As for charters yes I think they harm public schools- I’d prefer pilot schools. However public schools have a lot of self inflicted wounds and are wayy to overly self-congratulatory. It honestly turns my stomach that’s they’ll tout at 78.8% graduation rate and 2% dropout rate like they’re actually producing well functioning graduates and they’re not lowering the bar when they CLEARLY are. I also don’t believe BPS teachers need higher pay or more power in the union.

At the same time I blame mostly bureaucrats and parents for BPS not teachers and not students.

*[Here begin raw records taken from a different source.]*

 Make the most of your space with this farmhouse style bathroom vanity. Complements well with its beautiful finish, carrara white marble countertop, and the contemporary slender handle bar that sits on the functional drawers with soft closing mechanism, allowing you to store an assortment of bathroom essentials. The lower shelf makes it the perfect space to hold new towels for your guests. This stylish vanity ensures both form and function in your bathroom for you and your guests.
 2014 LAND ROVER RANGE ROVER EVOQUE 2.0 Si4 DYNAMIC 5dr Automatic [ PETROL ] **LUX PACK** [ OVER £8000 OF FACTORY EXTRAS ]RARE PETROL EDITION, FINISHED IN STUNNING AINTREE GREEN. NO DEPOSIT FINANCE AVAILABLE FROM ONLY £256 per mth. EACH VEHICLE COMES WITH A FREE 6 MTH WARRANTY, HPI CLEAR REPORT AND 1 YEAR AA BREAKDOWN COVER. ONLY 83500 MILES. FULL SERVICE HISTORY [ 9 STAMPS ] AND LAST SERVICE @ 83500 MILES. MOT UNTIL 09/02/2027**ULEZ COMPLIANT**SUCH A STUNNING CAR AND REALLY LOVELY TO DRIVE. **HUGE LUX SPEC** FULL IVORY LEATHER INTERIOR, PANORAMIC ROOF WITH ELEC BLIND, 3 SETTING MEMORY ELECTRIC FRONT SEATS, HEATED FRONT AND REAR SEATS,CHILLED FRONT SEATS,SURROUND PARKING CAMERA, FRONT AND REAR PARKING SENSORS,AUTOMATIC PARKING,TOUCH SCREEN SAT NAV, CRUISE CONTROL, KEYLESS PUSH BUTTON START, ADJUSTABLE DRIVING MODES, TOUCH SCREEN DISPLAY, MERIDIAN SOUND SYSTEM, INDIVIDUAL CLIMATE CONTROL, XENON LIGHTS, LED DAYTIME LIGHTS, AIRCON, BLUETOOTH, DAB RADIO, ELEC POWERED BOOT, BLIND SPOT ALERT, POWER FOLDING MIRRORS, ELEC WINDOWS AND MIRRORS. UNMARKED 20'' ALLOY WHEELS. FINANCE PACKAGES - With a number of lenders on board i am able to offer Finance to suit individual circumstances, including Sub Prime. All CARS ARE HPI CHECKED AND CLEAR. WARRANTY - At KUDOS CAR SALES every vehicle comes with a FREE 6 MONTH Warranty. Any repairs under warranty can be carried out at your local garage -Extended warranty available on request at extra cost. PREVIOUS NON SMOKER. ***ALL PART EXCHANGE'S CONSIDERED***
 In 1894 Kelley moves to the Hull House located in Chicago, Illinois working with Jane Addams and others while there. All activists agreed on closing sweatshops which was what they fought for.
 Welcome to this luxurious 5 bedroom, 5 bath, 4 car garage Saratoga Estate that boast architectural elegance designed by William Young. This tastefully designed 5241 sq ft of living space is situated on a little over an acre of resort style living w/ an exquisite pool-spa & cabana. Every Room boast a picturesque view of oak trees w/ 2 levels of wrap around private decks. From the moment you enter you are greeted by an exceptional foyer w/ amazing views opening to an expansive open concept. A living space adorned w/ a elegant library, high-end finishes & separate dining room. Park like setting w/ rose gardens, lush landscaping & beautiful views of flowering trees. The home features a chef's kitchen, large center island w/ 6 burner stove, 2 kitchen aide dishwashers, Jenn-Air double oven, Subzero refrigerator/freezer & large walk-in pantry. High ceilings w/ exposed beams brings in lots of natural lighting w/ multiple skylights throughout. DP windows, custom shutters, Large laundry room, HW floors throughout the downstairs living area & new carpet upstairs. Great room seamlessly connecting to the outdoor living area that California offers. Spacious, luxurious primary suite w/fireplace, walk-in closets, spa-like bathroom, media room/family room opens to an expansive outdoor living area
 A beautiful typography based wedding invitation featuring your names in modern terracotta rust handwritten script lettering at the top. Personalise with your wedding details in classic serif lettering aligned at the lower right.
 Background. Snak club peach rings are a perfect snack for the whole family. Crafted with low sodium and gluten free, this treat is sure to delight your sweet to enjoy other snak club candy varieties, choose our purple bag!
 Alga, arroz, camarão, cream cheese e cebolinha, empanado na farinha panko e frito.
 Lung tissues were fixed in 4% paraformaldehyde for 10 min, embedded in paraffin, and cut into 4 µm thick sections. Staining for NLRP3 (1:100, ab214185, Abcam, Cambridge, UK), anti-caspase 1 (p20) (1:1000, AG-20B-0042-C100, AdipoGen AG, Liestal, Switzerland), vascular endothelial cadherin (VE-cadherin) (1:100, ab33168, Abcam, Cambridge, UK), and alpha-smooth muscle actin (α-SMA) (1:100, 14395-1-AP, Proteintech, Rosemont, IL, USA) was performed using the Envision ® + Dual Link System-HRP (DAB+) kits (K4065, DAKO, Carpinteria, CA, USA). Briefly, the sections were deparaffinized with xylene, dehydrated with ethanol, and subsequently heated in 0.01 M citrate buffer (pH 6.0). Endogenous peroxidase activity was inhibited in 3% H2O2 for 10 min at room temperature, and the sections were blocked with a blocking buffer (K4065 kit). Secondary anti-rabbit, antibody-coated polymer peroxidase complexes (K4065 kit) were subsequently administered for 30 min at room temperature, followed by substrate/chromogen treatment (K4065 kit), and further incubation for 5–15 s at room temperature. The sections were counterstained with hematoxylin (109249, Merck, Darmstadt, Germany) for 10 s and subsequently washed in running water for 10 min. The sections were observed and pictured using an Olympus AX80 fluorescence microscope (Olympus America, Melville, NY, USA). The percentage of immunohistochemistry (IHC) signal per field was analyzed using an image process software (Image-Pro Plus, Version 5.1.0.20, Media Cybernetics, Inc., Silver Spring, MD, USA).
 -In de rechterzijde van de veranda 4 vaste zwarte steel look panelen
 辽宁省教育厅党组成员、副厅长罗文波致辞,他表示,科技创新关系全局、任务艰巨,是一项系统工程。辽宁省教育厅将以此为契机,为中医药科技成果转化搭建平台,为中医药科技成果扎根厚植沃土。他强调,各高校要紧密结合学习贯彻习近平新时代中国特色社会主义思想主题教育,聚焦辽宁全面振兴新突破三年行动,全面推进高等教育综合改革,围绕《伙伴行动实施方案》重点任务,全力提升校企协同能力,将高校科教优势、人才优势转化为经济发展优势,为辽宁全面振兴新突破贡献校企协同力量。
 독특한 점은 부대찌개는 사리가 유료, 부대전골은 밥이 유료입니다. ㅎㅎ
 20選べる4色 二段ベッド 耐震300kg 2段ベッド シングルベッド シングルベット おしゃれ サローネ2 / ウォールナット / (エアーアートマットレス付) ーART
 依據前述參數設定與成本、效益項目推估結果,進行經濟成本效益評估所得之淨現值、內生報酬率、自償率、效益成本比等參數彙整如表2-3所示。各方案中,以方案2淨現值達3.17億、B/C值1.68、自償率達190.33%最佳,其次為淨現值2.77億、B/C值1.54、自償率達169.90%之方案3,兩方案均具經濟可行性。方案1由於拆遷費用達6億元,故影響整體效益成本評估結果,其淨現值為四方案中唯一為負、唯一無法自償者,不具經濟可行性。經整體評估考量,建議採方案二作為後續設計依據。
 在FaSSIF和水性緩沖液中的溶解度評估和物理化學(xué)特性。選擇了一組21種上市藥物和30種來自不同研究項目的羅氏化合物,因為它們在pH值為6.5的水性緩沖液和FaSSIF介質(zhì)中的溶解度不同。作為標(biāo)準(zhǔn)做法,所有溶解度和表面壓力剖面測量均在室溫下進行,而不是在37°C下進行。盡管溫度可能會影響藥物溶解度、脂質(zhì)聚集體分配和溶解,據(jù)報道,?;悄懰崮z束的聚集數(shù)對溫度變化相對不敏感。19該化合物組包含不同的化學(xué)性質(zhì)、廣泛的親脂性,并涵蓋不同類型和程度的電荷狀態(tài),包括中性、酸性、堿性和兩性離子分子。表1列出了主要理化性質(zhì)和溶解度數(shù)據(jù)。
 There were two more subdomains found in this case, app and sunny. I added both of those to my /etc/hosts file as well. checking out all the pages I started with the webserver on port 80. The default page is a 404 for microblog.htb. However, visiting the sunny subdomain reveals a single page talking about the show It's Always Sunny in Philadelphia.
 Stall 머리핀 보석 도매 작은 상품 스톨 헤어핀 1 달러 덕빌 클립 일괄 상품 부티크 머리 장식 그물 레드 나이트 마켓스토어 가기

It’s also my lost in me that since they reoriented try e younger grades to be more neighborhood based in 2013 the white % enrollment slowly crept up until last year. More white people are feeling like they can use Boston elementary schools, more white people are bearing children in Boston (according to birth data the city has) and that’s good, it is. but it really bothers me that after 50 years of incompetence and various DECADES that warranted a state takeover… a takeover is only now seriously being considered when there’s a critical mass of white parents. And of course it’s just as POC in Boston really have a political voice/might and 79% of Bostonians votes in favor of an elected school board- is now the best time to do this?? But what else is new?